■ Source data
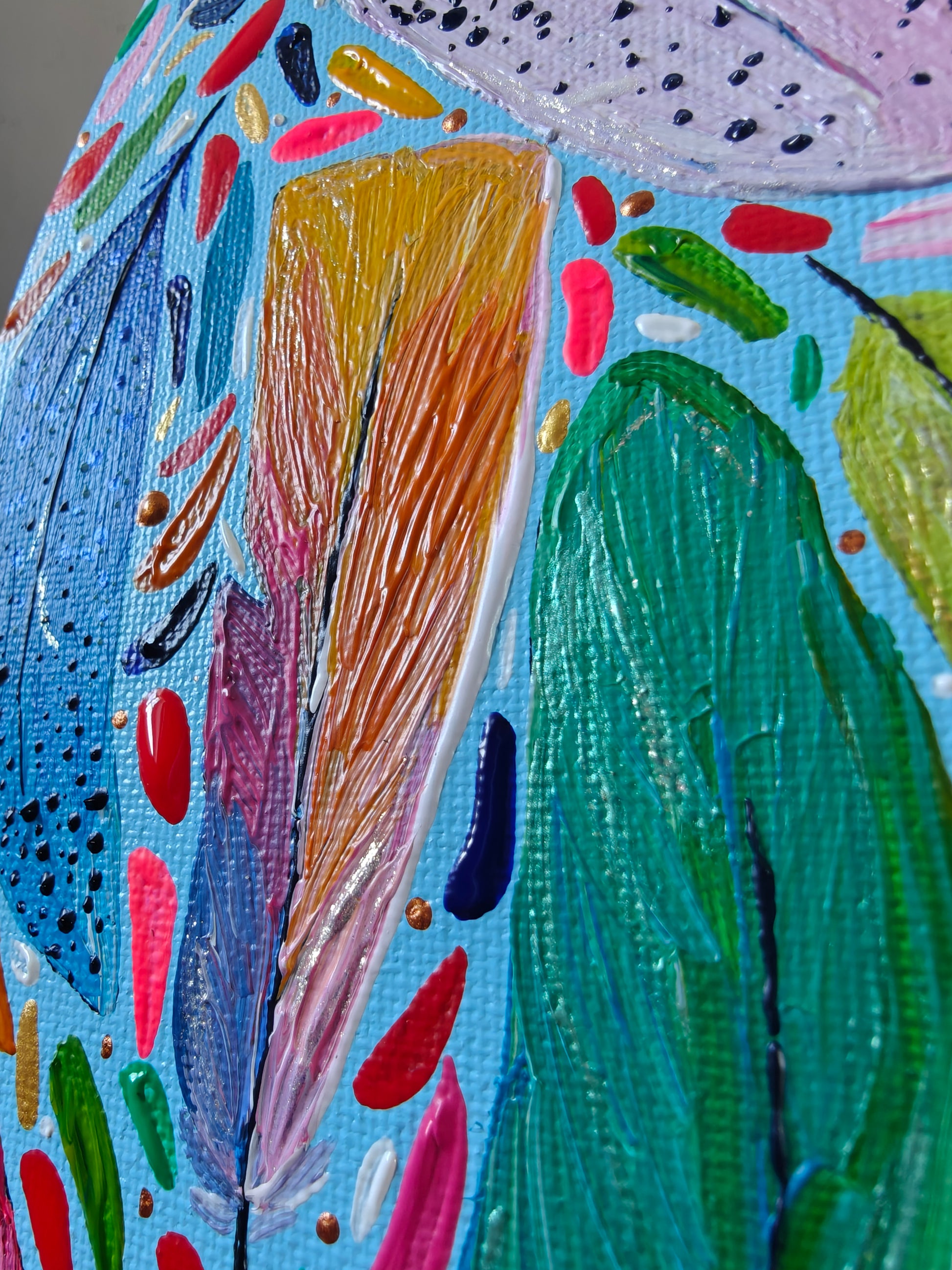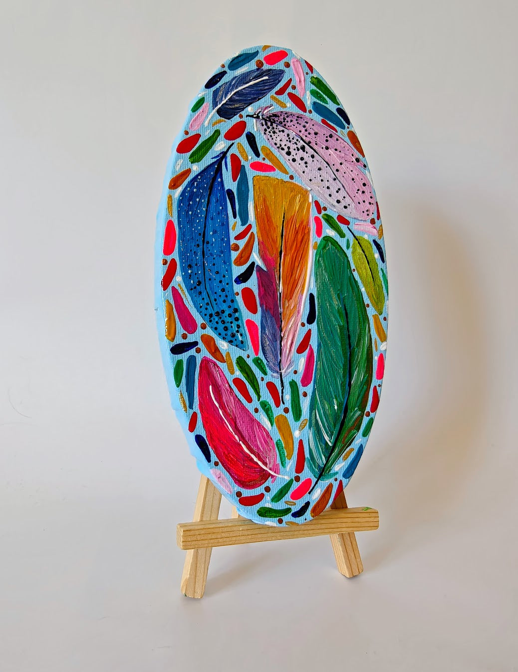 Acrylic, and shimmer feather study miniature on canvas ( 4 x 8")
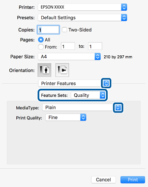 Sélectionnez Fonctionnalités imprimante à partir du menu contextuel, sélectionnez Qualité en tant que Ensembles de fonctionnalités, puis sélectionnez le type de papier chargé en tant que paramètre Type de papier.
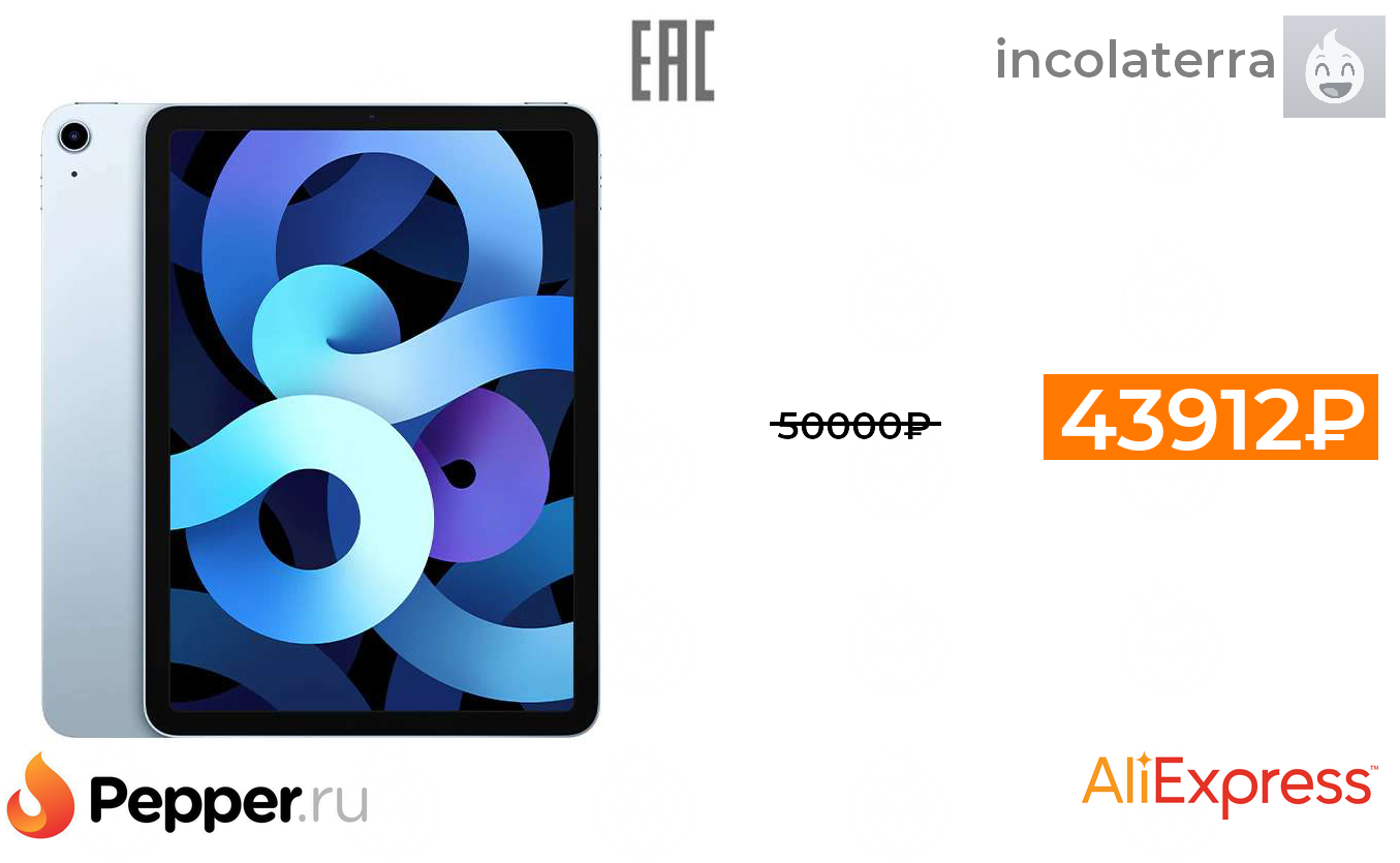 🔹Планшет Apple 10.9" iPad Air Wi-Fi 64 ГБ (2020) на Tmall 43912₽ ❗️🔥(везде от 50000₽)
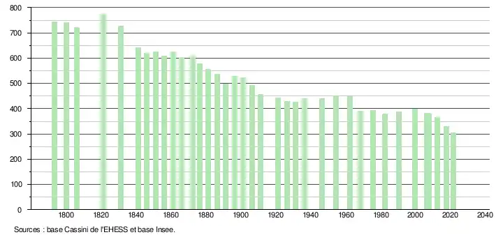 - Population municipale légale en vigueur au 1er janvier 2024, millésimée 2021, définie dans les limites territoriales en vigueur au 1er janvier 2023, date de référence statistique : 1er janvier 2021.

■ Exercise
Write out exactly, and only, the lines running from the line with "43912₽ ❗️🔥(везде от 50000₽)" to the last line above, both included, with all pictures omitted.

■ Solution to the exercise
 🔹Планшет Apple 10.9" iPad Air Wi-Fi 64 ГБ (2020) на Tmall 43912₽ ❗️🔥(везде от 50000₽)
 - Population municipale légale en vigueur au 1er janvier 2024, millésimée 2021, définie dans les limites territoriales en vigueur au 1er janvier 2023, date de référence statistique : 1er janvier 2021.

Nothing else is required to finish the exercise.